Problem details:
Give the listing back in full, exactly as written, with the pictures removed.

Supplied data:

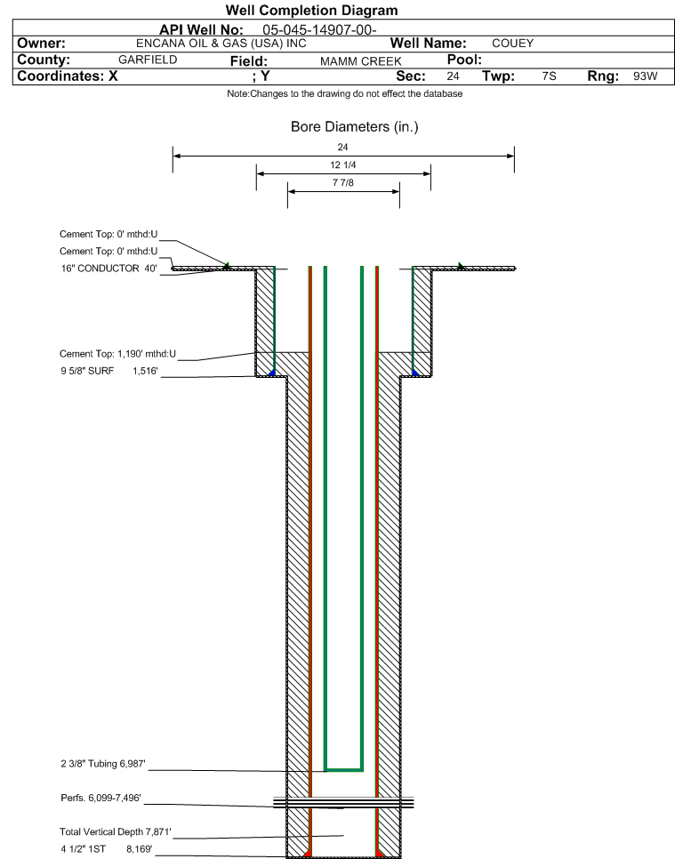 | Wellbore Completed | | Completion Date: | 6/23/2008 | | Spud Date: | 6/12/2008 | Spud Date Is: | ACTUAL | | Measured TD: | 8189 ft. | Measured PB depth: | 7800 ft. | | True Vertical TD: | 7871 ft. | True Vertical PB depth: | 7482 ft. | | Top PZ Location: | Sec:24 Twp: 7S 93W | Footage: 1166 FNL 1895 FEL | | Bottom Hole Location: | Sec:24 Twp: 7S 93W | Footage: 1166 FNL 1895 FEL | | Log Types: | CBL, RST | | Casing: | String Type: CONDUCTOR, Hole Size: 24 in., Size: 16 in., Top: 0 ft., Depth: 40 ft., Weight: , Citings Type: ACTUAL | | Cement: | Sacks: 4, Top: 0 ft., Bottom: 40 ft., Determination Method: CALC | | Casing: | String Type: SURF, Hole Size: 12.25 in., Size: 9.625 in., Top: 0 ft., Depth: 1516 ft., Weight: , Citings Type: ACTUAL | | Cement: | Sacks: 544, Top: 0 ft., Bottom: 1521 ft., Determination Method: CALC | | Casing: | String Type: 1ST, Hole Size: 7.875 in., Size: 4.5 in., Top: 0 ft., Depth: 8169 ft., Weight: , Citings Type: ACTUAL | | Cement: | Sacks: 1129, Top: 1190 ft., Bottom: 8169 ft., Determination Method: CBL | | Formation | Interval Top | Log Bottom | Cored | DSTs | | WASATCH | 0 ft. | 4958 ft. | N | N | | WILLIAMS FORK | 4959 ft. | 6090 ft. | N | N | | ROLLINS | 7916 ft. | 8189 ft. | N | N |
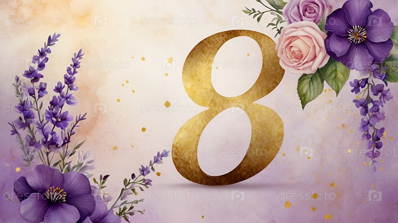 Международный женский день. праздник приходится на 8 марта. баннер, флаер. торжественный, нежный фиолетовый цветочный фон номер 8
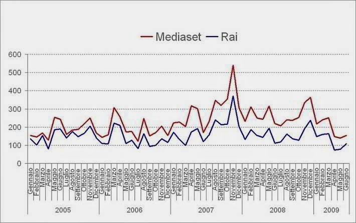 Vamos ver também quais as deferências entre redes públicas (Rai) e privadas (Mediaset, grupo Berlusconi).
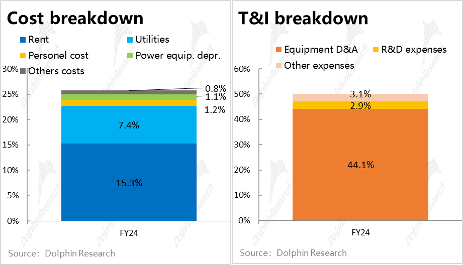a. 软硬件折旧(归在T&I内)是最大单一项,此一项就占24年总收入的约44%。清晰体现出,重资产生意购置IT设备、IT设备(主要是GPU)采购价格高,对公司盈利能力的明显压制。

Result:
 | Wellbore Completed | | Completion Date: | 6/23/2008 | | Spud Date: | 6/12/2008 | Spud Date Is: | ACTUAL | | Measured TD: | 8189 ft. | Measured PB depth: | 7800 ft. | | True Vertical TD: | 7871 ft. | True Vertical PB depth: | 7482 ft. | | Top PZ Location: | Sec:24 Twp: 7S 93W | Footage: 1166 FNL 1895 FEL | | Bottom Hole Location: | Sec:24 Twp: 7S 93W | Footage: 1166 FNL 1895 FEL | | Log Types: | CBL, RST | | Casing: | String Type: CONDUCTOR, Hole Size: 24 in., Size: 16 in., Top: 0 ft., Depth: 40 ft., Weight: , Citings Type: ACTUAL | | Cement: | Sacks: 4, Top: 0 ft., Bottom: 40 ft., Determination Method: CALC | | Casing: | String Type: SURF, Hole Size: 12.25 in., Size: 9.625 in., Top: 0 ft., Depth: 1516 ft., Weight: , Citings Type: ACTUAL | | Cement: | Sacks: 544, Top: 0 ft., Bottom: 1521 ft., Determination Method: CALC | | Casing: | String Type: 1ST, Hole Size: 7.875 in., Size: 4.5 in., Top: 0 ft., Depth: 8169 ft., Weight: , Citings Type: ACTUAL | | Cement: | Sacks: 1129, Top: 1190 ft., Bottom: 8169 ft., Determination Method: CBL | | Formation | Interval Top | Log Bottom | Cored | DSTs | | WASATCH | 0 ft. | 4958 ft. | N | N | | WILLIAMS FORK | 4959 ft. | 6090 ft. | N | N | | ROLLINS | 7916 ft. | 8189 ft. | N | N |
 Международный женский день. праздник приходится на 8 марта. баннер, флаер. торжественный, нежный фиолетовый цветочный фон номер 8
 Vamos ver também quais as deferências entre redes públicas (Rai) e privadas (Mediaset, grupo Berlusconi).
a. 软硬件折旧(归在T&I内)是最大单一项,此一项就占24年总收入的约44%。清晰体现出,重资产生意购置IT设备、IT设备(主要是GPU)采购价格高,对公司盈利能力的明显压制。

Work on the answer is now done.